Golfo Di Napoli , Napoli
Il Golfo di Napoli non è semplicemente un tratto di mare; è un palcoscenico naturale che, con i suoi quasi 195 chilometri di costa da Monte di Procida a Punta Campanella, incanta il mondo. Noto anche come Baia di Napoli, un tempo gli antichi Romani lo chiamavano Crater Sinus – il Golfo del Cratere – per la maestosa presenza del Vesuvio che domina l’orizzonte, un gigante silenzioso che sembra emergere direttamente dalle acque.

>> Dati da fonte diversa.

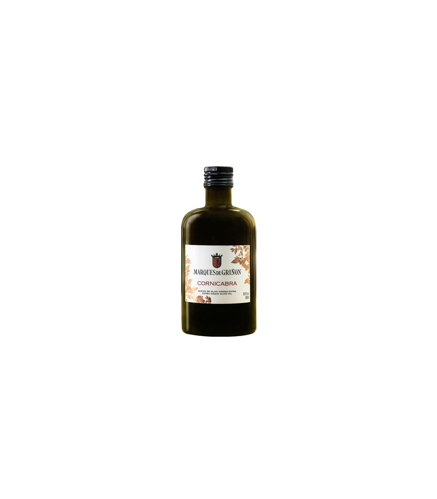 Huile d'olive vierge extra provenant d'oliviers centenaires de la variété Cornicabra, de couleur légèrement verdâtre et brillante.
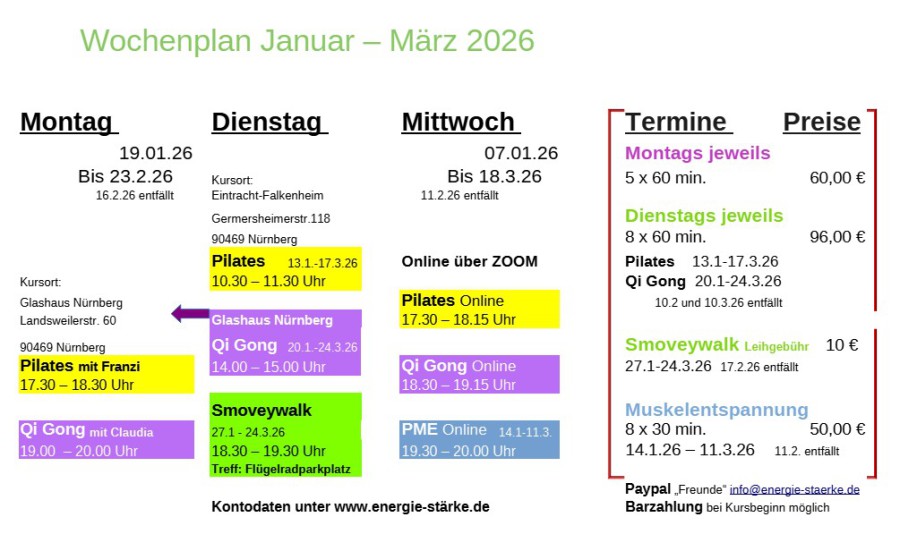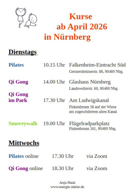 Alle Qi Gong Kurse ab einer Anzahl von 8 Terminen auch Wochenendkurse

Questo è un luogo dalle molteplici anime. Di giorno, sotto il sole, è un’esplosione di vita e colori; di notte, si trasforma in un quadro romantico e riflessivo, punteggiato dalle luci dei paesi che si specchiano nel mare. È questa bellezza mutevole ad aver attratto per decenni grandi registi, che ne hanno fatto un set cinematografico d’eccezione. Ma il Golfo non si offre solo allo sguardo: si vive. Imbarcandosi su uno dei tanti traghetti, si può navigare verso le sue isole iconiche – Ischia, Procida, Vivara e Capri – godendo di una piccola crociera tra storia e natura.
Le esperienze che offre sono un viaggio nel tempo: dalle immersioni nella straordinaria città sommersa di Baia, alla scalata verso il cratere del Vesuvio, fino a rivivere la potenza di Roma nell’Anfiteatro Flavio di Pozzuoli. La storia qui è stratificata: insediamenti risalenti addirittura al Neolitico, seguite dalle lussuose ville romane di Pompei ed Ercolano, testimoniano un fascino intramontabile. Dopo la caduta dell’Impero, il Golfo vide il Ducato di Napoli e poi il Regno di Ruggero II.
Oggi, il Golfo di Napoli è più di una bella cartolina. È un luogo magico da portare nel cuore, dove il passato dialoga con il presente in un abbraccio perfetto tra la città, il suo vulcano e un mare che continua a ispirare sogni.